= Online charging system =

System for communications service provider to charge users

Online charging system (OCS) is a system allowing a communications service provider to charge their customers, in real time, based on service usage.

==Architecture==
===Event based charging ===
An event-based charging function (EBCF) is used to charge events based on their occurrence rather than their duration or volume used in the event. Typical events are SMS, MMS, purchase of content (application, game, music, video on demand, etc.).

Event-based charging function is used when the CC-Request-Type AVP = 4 i.e. for event request ex: diameter-sms or diameter-.....

Let us consider one example of Event-based charging.
1. Cost of one apple is Rupees 25/-
You pay the amount, take the apple and go.
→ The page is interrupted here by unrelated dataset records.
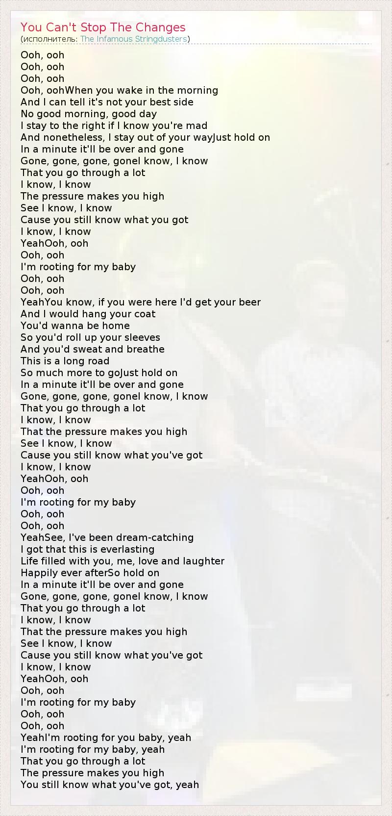 А как ты думаешь, о чем песня "You Can't Stop The Changes" ?
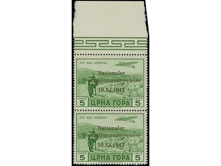 1943, Verwaltungsausschuss 25 Cent - 5 Lire, je im waagerechten Oberrandpaar, der untere Wert einheitlich mit Aufdruckfehler "Verwaltungsausscuuss", postfrisch, tadellos, so sehr dekorativ und selten, sign. Krischke BPP sowie Fotoattest Brunel (2016)
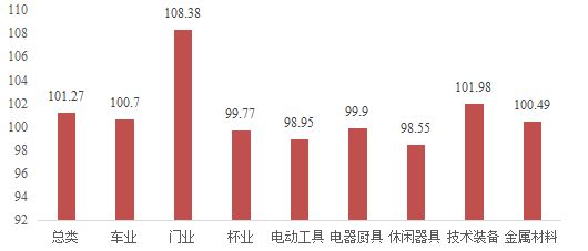 截至2025年9月,永康五金生产价格指数收于101.27点,环比下降0.17点。与8月相比,车业、门业、杯业和电动工具行业环比上升,其中,门业行业涨幅最大,环比上涨2.53点;电器厨具、休闲器具、技术装备和金属材料行业均环比下降,五金八大行业呈“四升四降”格局。
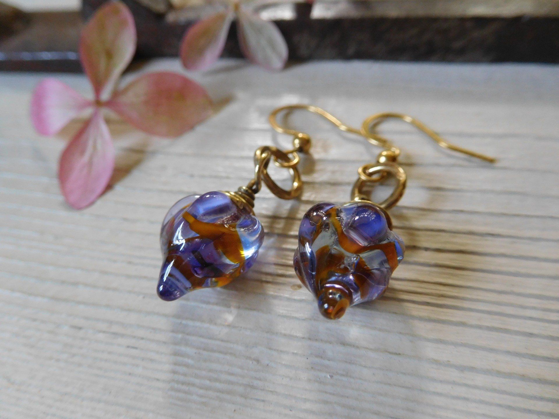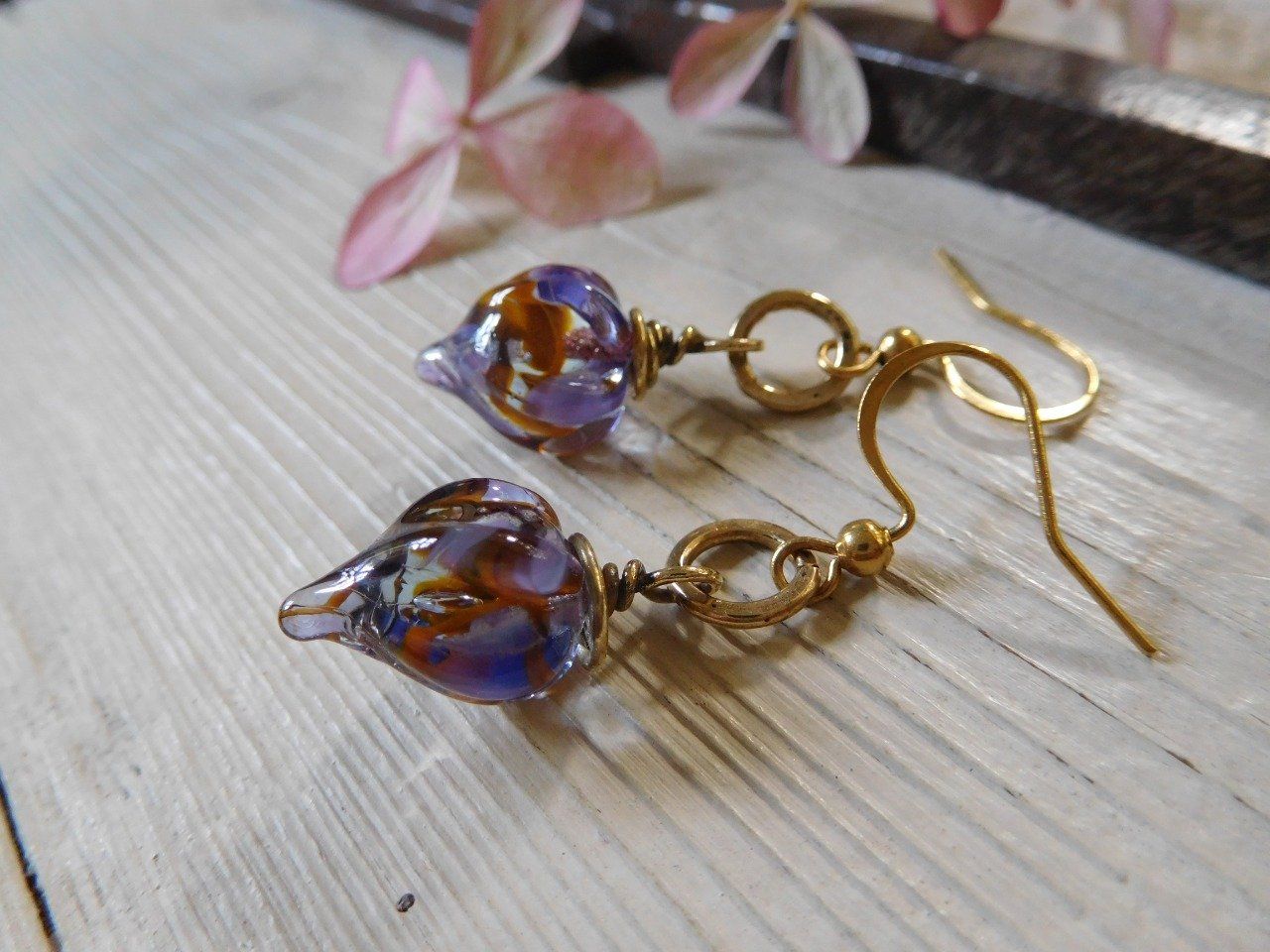 Boucles d'oreilles bohèmes avec perles en verre filé au chalumeau, modèle unique créé dans mon atelier en Finistère.
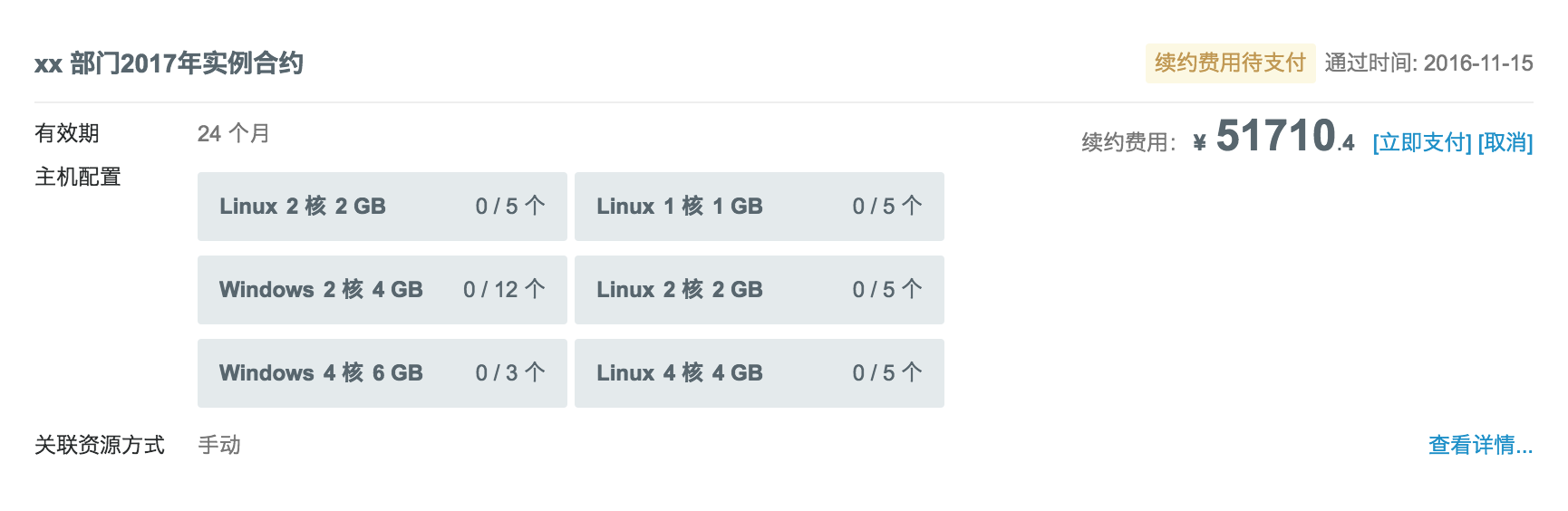 资源关联方式 目前支持“手动关联”:用户在合约详情页面可以选择相应资源与合约进行关联,未来会考虑增加支持“自动关联”方式。

Similarly, if you send a text message it may cost you Rupee 1/- and that's it. You subscribe to Caller Ring Back Tone (CRBT) which costs you Rs.30/- a month irrespective of the number of calls you receive in a month.
So we can term event-based charging as a one-time cost or one-time occurrence cost.

===Session based charging ===

The session based charging function (SBCF) is responsible for online charging of network / user sessions, e.g. voice calls, IP CAN bearers, IP CAN session or IMS sessions.

Let us consider an example for session-based charging.
Utility services like electricity or water is charged based on overall usage, for a certain time duration.
You consume 'x' units of power in a month and pay for units consumed in that month. The usage may vary month to month and hence the charges. Similarly for consuming water, etc.
Hence, charging based on how much one consumes is termed as metered charging or session-based charging.

====Account and balance management ====
The account balance management function (ABMF) is the location of the subscriber’s account balance within the OCS.